In truth, nouns are lies (or sex or videotapes).

On this Sunday afternoon, or any afternoon for that matter, you’re life is actually completely absurd. You’re spinning around on a large rock which orbits around but one of the billions of stars in the universe. 

And yet you, like me, perhaps worry now about dinner, work tomorrow, the phone call you owe your sister, or what form Trump’s next version of insanity will take.

Better, I suggest, surrender to the dream-like nature of our lives. It may make your suffer less from the usual pain of life; it may help to acknowledge the absurdity of existence, and work on living as verb rather than noun.

Alternatively, as Nick Bostrom convincingly argues (see below), we may be living in a computer simulation created by future humans. They might have simulated our consciousnesses through advanced computer programs. In that case, our entire lives serve as an experiment for an advanced, “post-human” culture.

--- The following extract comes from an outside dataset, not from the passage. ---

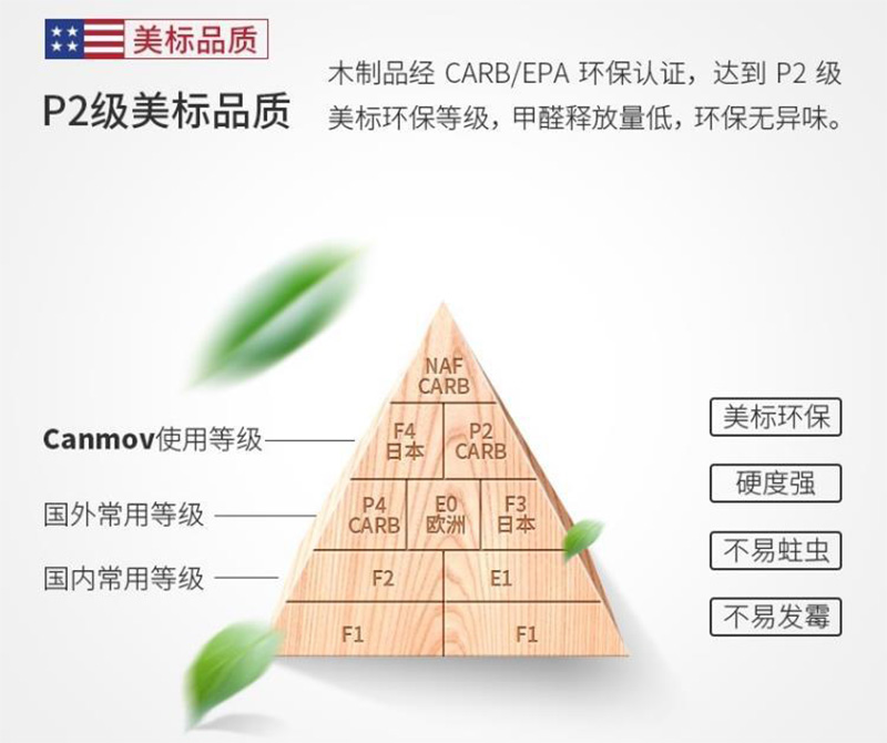 這次開發我們專門找了做出口的供應商打造,沙發木框架的環保等級達美國CARB認證P2級,這跟日本的F★★★★不相伯仲啊!

Or, as the Hindus have it, Vishnu, the All-Pervading One (derived from “Vis’ in Sanskrit which means both ‘to spread’ and ‘to be present everywhere’), manifested from the original vast Nothingness of the universe. From such Nothingness, when the first ripple of awareness stirred, formless energy became Vishnu.

Vishnu, the God serving as an ancient, pre-existing version of a computer simulation, lies in a dream state. He floats for all eternity on the waters of the ocean of Cosmic Consciousness. As if watching his own dream, Vishnu sustains us. Thus Vishnu, dreamer of the Universe, also protects us. Our lives are part of Vishnu’s dream.

Who can possibly know what’s true except for absolute absurdity of existence, and it’s dream-like, game-like, fictional character?

Given the choice this windy Sunday afternoon, I’d choose Vishnu’s dream over a computer simulation.

What would you choose?

References

Bostrom, N. (2003). Are you living in a computer simulation? Philosophical Quarterly, 53(211):243-255.